Figure 3.. RAD52 Suppression of PARP-Mediated SSBR Is through Interference with XRCC1/LIG3a Co-localization

(A) Whole-cell PAR levels were measured in WT or Rad52-deficient MEFs after 50 nM CPT treatment. (B) Western blot analysis of lysates and IP from HEK293T cells transfected with the indicated genes (GFP-XRCC1 or FLAG-LIG3α) for 27 h and then treated with CPT (20 nM) for the indicated times. (C) PLA plots show the percentage of cells with various numbers of XRCC1/LIG3α foci in vector or WT Rad52 expressing in Rad52^−/− MEFs after CPT or MMS treatment. Data from 5 to 6 randomly selected fields (n = 50 cells) in each group were quantified using ImageJ. (D) PAR polymer dot blot analysis. Incremental amounts of each protein (1, 2, 4, and 8 pMol) were spotted onto a nitrocellulose membrane (Bio-Rad), incubated in PBS-T containing 50 nM pADPr polymer (Trevigen), and subsequently subjected to western blotting using a PAR antibody. (E) IP of PAR polymer incubated with RAD52 and glutathione S-transferase (GST)-XRCC1 proteins at different ratios (12:0, 12:6, 12:12, 0:12, 6:12, and 12:12 [pMol:pMol]) using a PAR antibody. (F) WT and Xrcc1-deficient MEFs were treated with DMSO, RAD52i, or PARPi for 1.5 h and then treated with CPT for 24 h. The survival results were obtained using the clonogenic assay. Data are mean ± SEM from three independent experiments. *p < 0.05. **p < 0.01. ***p < 0.001.
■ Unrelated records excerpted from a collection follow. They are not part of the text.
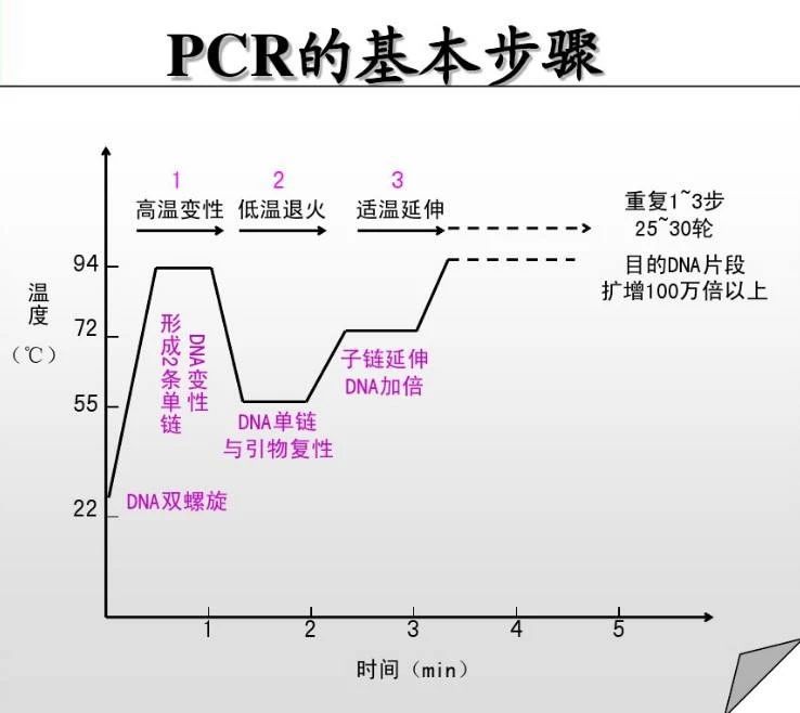PCR又稱(chēng)聚合酶鏈反應,是體外擴增目的DNA片段的方法,在多方面廣泛應用,主要分為三大步驟:高溫變性、低溫退火、適溫延伸。分別添加引物、模板、Taq酶、dNTP和緩沖液等反應物混合,在約為95℃環(huán)境下,雙鏈DNA氫鍵斷裂解旋為單鏈;單鏈與人工設計的引物在約為60℃溫度下,按照堿基互補配對的原則相結合;并升溫到72℃左右,利用Taq酶延伸合成一條新的與模板DNA鏈互補的半保留復制鏈。
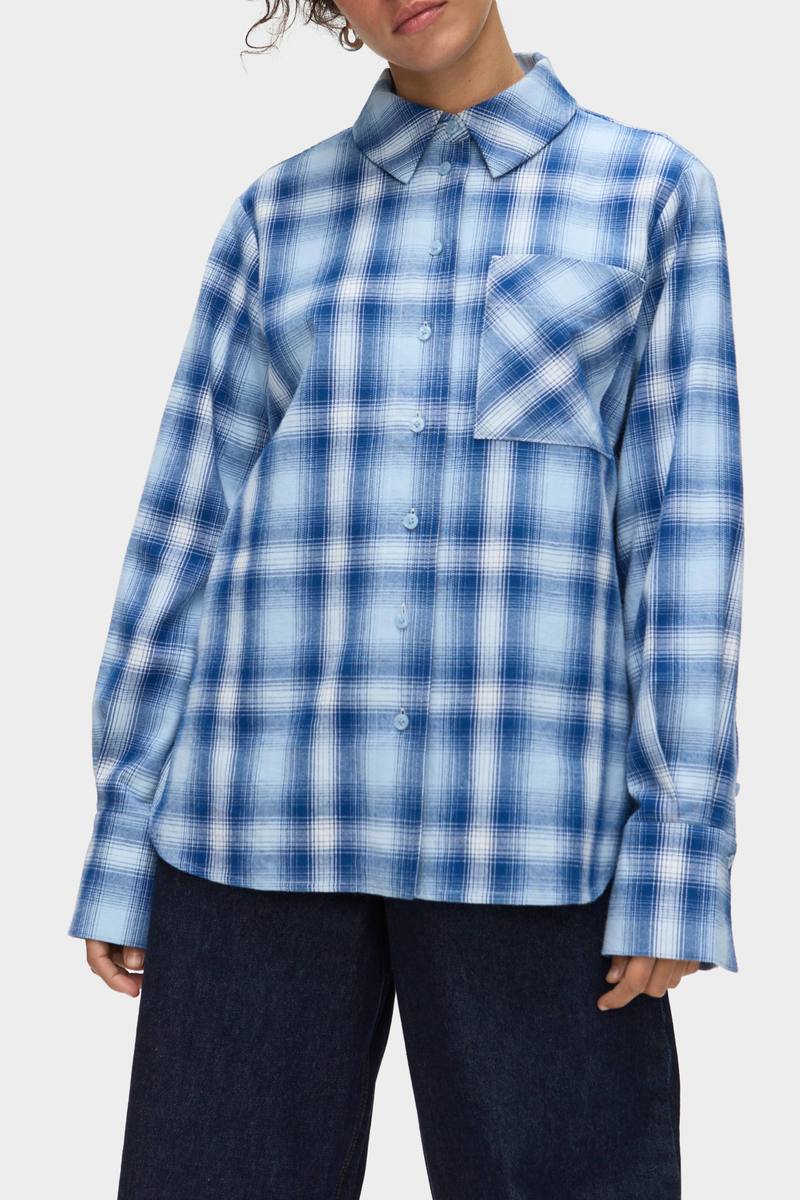 A relaxed take on classic shirting, this check flannel shirt is crafted from soft, lightweight fabric for all-day comfort. Designed with a slightly oversized fit, it features a button-down front, pointed collar, and a statement chest pocket with contrasting check placement. Easy to style and endlessly versatile, it layers effortlessly or works as a standalone piece for a laid-back, modern look. Material: 100% Cotton. Made in China. Adjustable buttons at the back allow for a more fitted look.
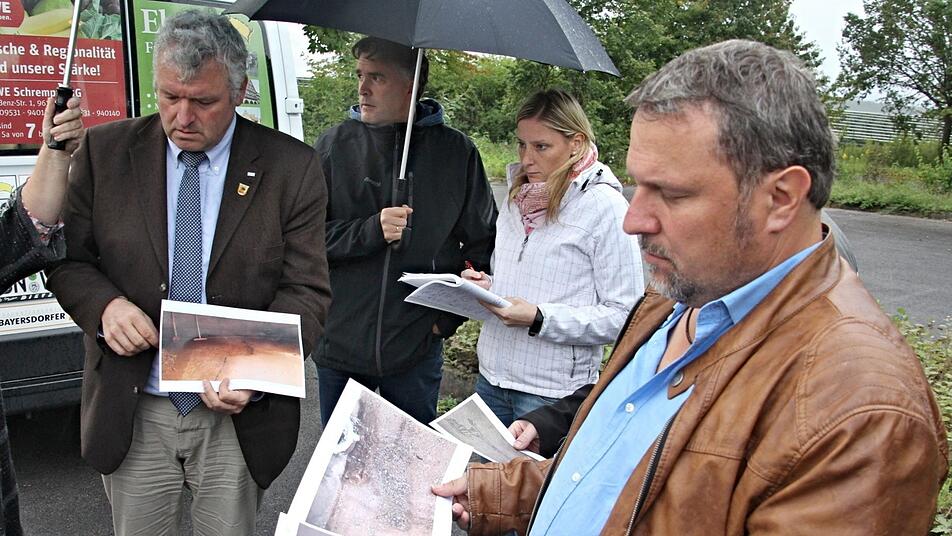 Ebern - Wind und Regen wehte den Mitgliedern des Bauausschusses Ebern auf ihrer Tour am Mittwochabend um die Ohren. "Hier wird viel Geld verbuddelt, was wir gar nicht sehen", sagte Bürgermeister Jürgen Hennemann (SPD) bei einer Ortseinsicht in der ehemaligen Kaserne, wo ein Regenrückhaltebecken und Kanäle saniert werden.
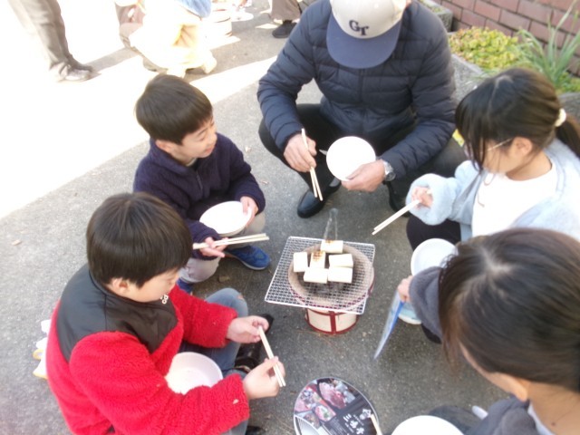 地域の方々に優しく教えて頂き、子どもたちは喜んでお餅を焼いて、食べていました。
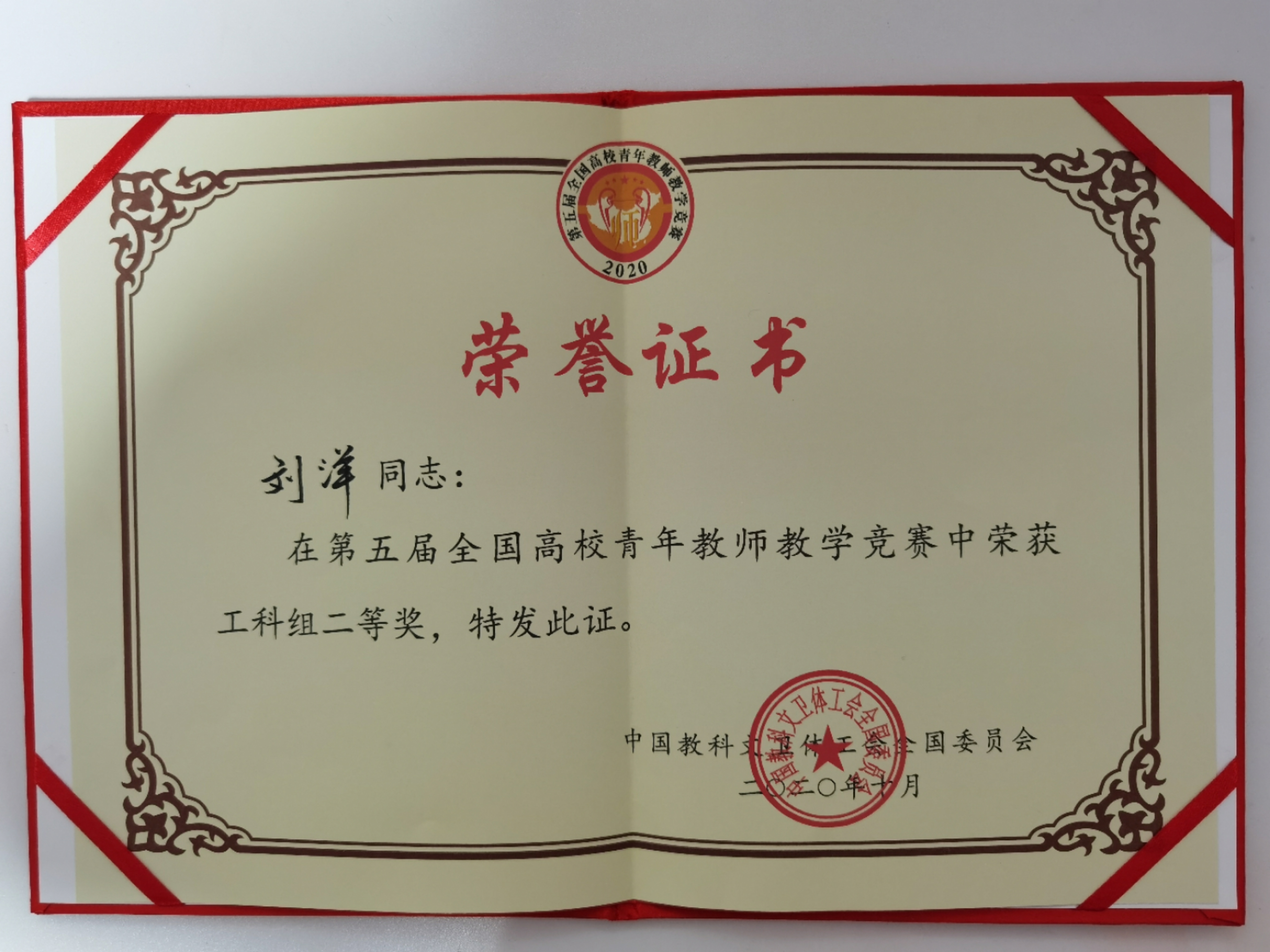刘洋老师经过院赛、校赛、省赛等层层选拔,取得了吉林省工科组第一名的成绩,并参加全国决赛,荣获工科组二等奖。
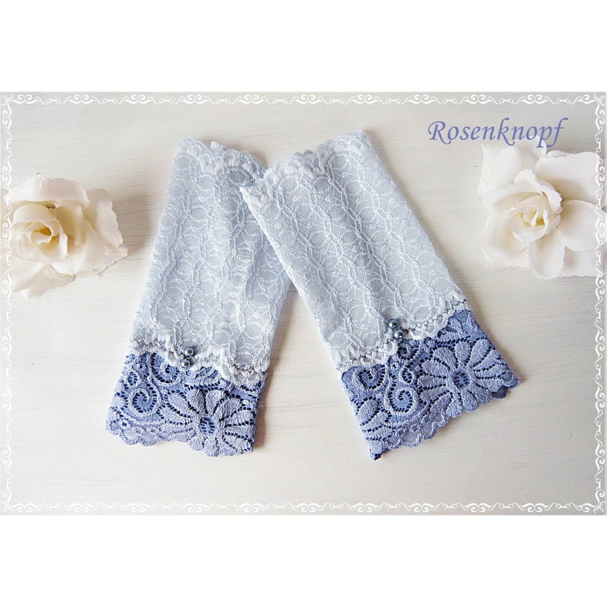 lll➤ Armstulpen/Pulswärmer aus Spitze in Hellblau und Lavendel zu einer Hochzeit, Standesamt, Fest.
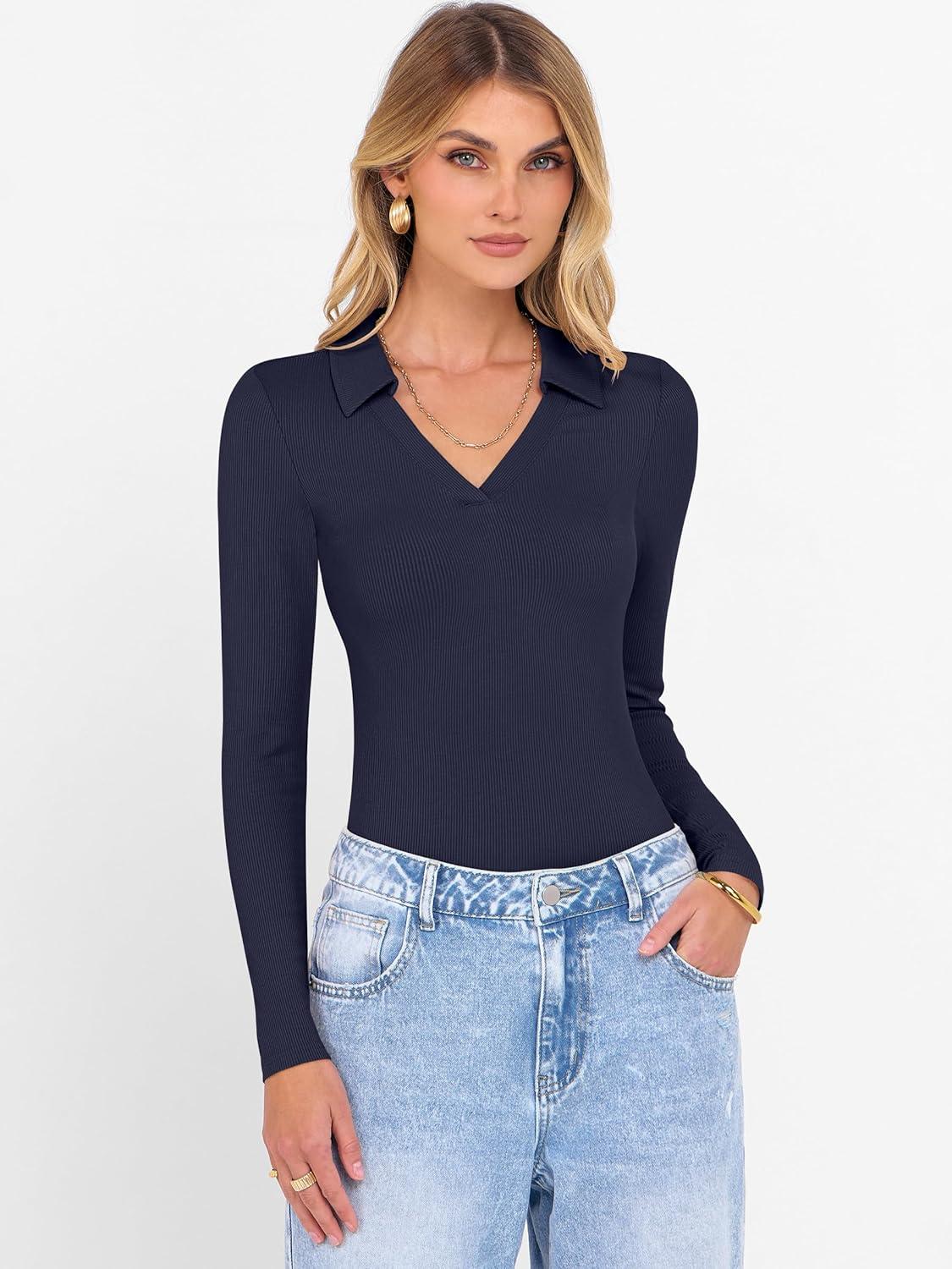 imageANRABESS Women Long Sleeve Polo Shirts V Neck Slim Rib Knit Collared Dressy Business Casual Top 2025 Basic Tee Fall OutfitsNavy Blue
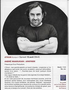 APATRIDE. "L’Orient, mes grands-parents en furent chassés. Longtemps je fus allergique à ses excès, son sucre, sa passion, jusqu’aux retrouvailles, autour d’un piano : « – Pourriez-vous me jouer quelque chose d’arménien ? » Une vague mélodie de ma grand-mère égrenée d’un doigt hésitant… « – On dirait du Satie… » Et me voilà parcourant de nouveaux territoires sonores, armé de tambours sacrés Iraniens, d’un violoncelliste Turc, d’une chanteuse Syrienne, d’un duduk Arménien, de rythmes « Alaturka », repoussant les frontières mentales pour dessiner les contours d’un paradis perdu, entre Vienne et Samarkhande, à la recherche d’éclats de spleen, pour retrouver, le temps d’un concert, l’âme de mes ancêtres.
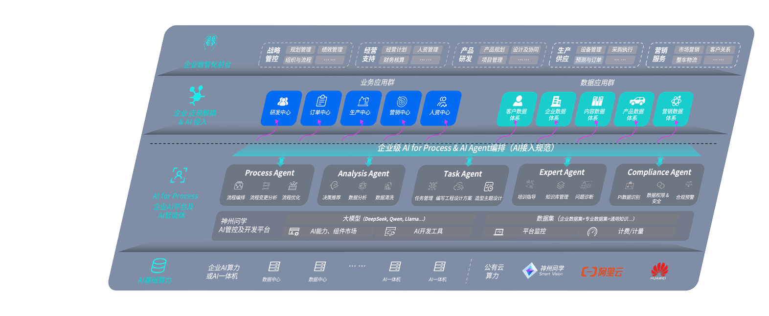 亿万28问学智车解决方案是一套基于AI技术的汽车行业智能化系统,,,覆盖从底层算力到顶层AI应用的全栈方案。。。。方案由算力层、、、、模型层和应用层组成:算力层,,,,方案支持多种一体机配置,,,具备云端灵活部署、、、、多云适配以及动态优化计算资源的能力;模型层,,,亿万28问学平台版提供了企业级AI应用一站式构建与管理平台,,,支持基于后训练强化技术的汽车企业专属模型的训练、、、、评测和运营;应用层,,,,亿万28问学DeepSeek版提供包括超级员工、、智能招采、、、智能营销、、、智能客服、、、AI for BI等一系列解决方案,,,可助力汽车行业实现数字化转型,,,让管理更智能、、、、响应更敏捷。。。。
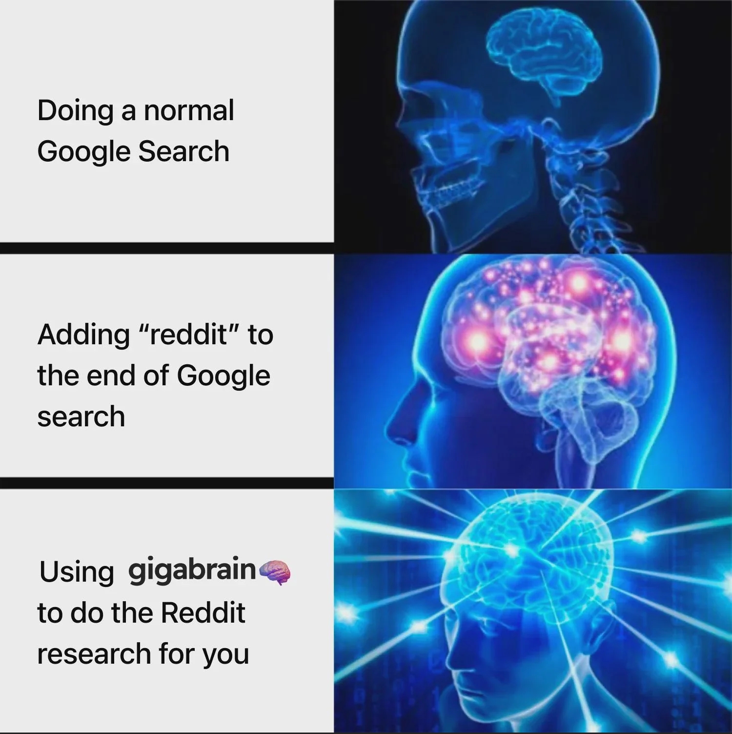 Stop adding "Reddit" to your Google searches! Instead, try GigaBrain, an AI-powered search engine that scans billions of Reddit discussions for real comments and answers. It combines human feedback wth AI tools to give you reliable insights from knowledgeable users. GigaBrain's mission is to bring valuable offline human knowledge online effectively. Google and ChatGPT often struggle with certain questions. Google can return endless lists of low-quality blogs feel untrustworthy, while ChatGPT excels at facts but may not handle questions needing personal experience. GigaBrain is easy and doesn’t require signing up. The user-friendly interface lets you search for anything or browse topics. You can refine results by relevance, recency, or upvotes and see which subreddits are most helpful. Plus, there’s a Chrome extension that finds the best Reddit comments related to your search and analyzes product discussions. Have you ever found Google’s search results frustrating or untrustworthy?
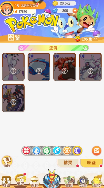 游戏中的精灵划分为海、陆、空、光、暗五大阵营。
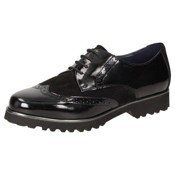 La scarpa stringata Meredith-703-XL da donna in stile boyfriend presenta una punta a coda di rondine e una calzata in larghezza H. È realizzata con una combinazione di pelle di vitello verniciata e pelle scamosciata di agnello, foderata in pelle di vitello e con una fodera tessile elasticizzata nella zona dell'avampiede. Questo design è adatto per piedi con alluce valgo.
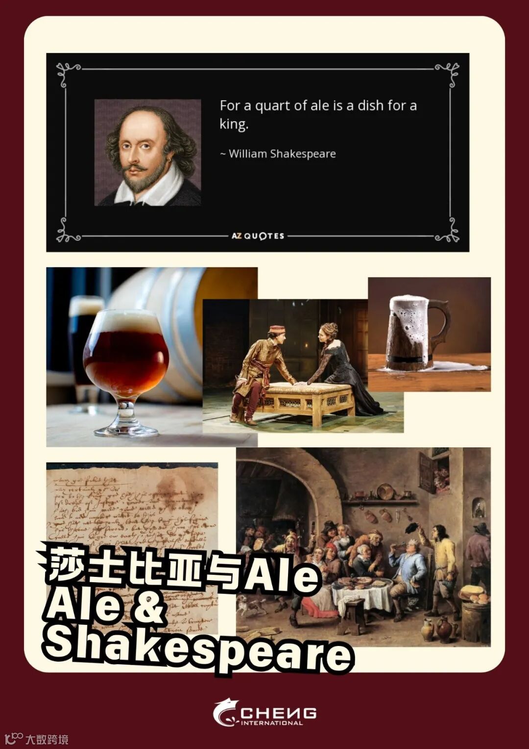 Ale—a fruit malty, low-alcohol brew—was a daily drink in Shakespeare’s England. In his plays, ale often symbolises joy, rebellion, or everyday pleasures.
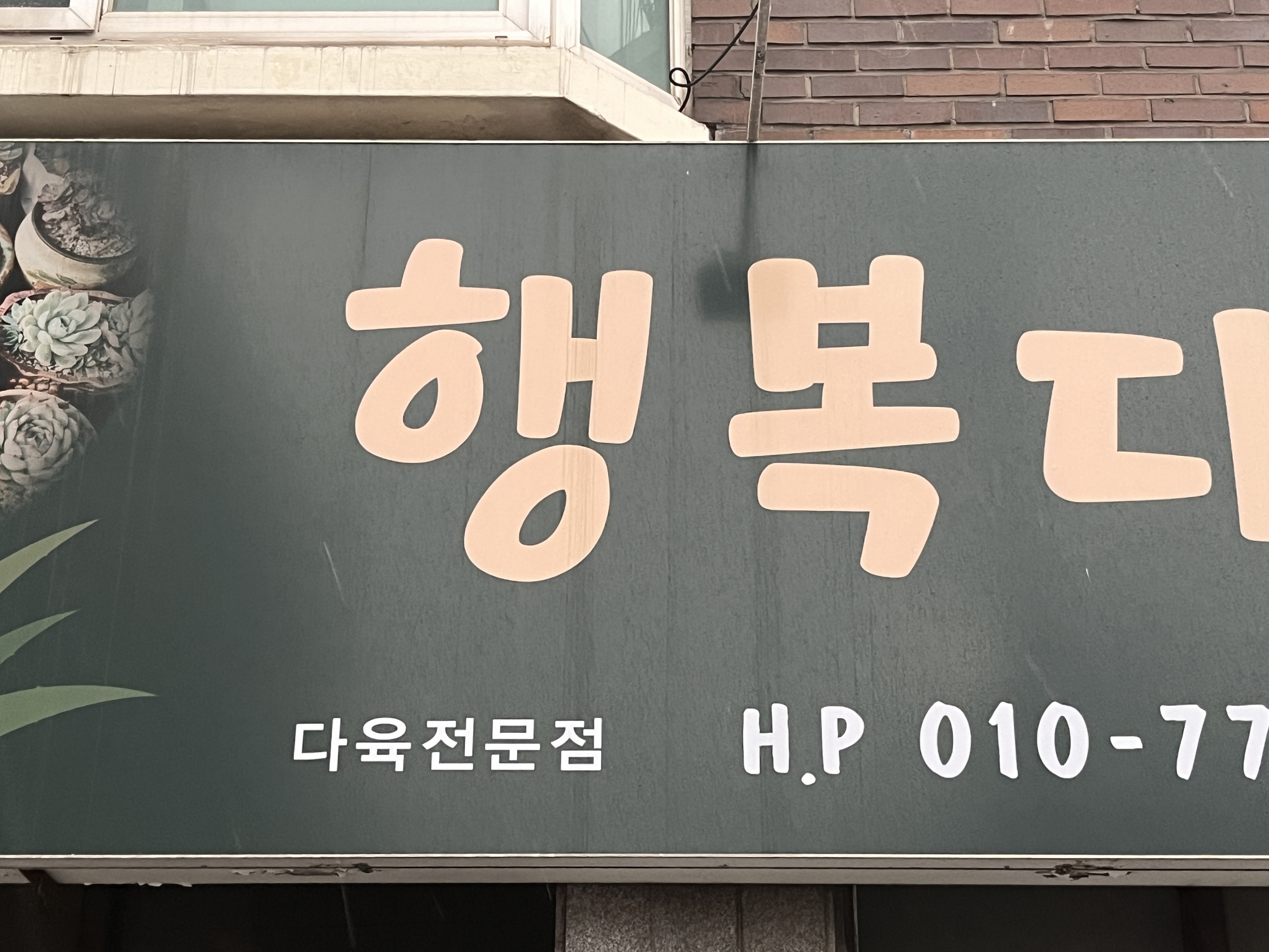 이번 달 편지 주제는 행복입니다. 주변에 있는 '행복'이란 글자를 사진 찍고 행복에 대해 글을 쓰기로 했는데 말글터 정과장님은 행복 찾기에 실패했다는 소식을 들었습니다. 저는 정과장님이 일하는 말글터 바로 앞 건물에서 '해피유통'을 발견했는데... 유감입니다. (웃음)

Figure 4.. A Strategy to Enhance the Inhibitory Effects of RAD52 on SSBR and Sensitize Cells to DNA-Damaging Agents

(A and B) Description of key RAD52 mutants (R55A and Y104D) tested in this study. Y104 is conserved across variant species. Y104F (abolished Abelson tyrosine kinase (c-ABL) phosphorylation) was used as a control for Y104D. (C) Expression of FLAG-tagged WT or mutant mouse Rad52 in Rad52-deficient MEFs was measured using western blotting. (D) Sensitivity of vector, WT, or mutant Rad52-expressing cells to CPT (40 nM). Data are mean ± SEM from three independent experiments. **p < 0.01. (E) Left: images of XRCC1/LIG3α foci in R55A or Y104 mutant Rasd52-expressing Rad52-deficient MEFs on slides treated with or without CPT (20 nM) for 5 min and then fixed for PLA (scale bar represents 5 μM). Right: the plots show the percentage of XRCC1/LIG3α foci in R55A or Y104 mutant Rad52-expressing Rad52-deficient MEFs with different numbers of foci/cell after CPT treatment from 5 to 6 randomly selected fields (n = 50 cells) in each group, quantified using ImageJ. (F) Sensitivity of MEFs expressing vector, WT, or mutant Rad52 (R55A or Y104D) to different DNA damage inducers: IR; MMS; or etoposide (Top II inhibitor). Data are mean ± SEM from three independent experiments. For IR- and MMS-treated cells, as compared to empty-vector-expressing cells, **p < 0.01 and ***p < 0.001; for etoposide-treated cells, as compared to WT Rad52-expressing cells, **p < 0.01. (G) Comparison of CPT-induced PARylation levels between WT and mutant Rad52-expressing (R55A or Y104D) HEK293T cells under the same conditions as described in Figure S7A.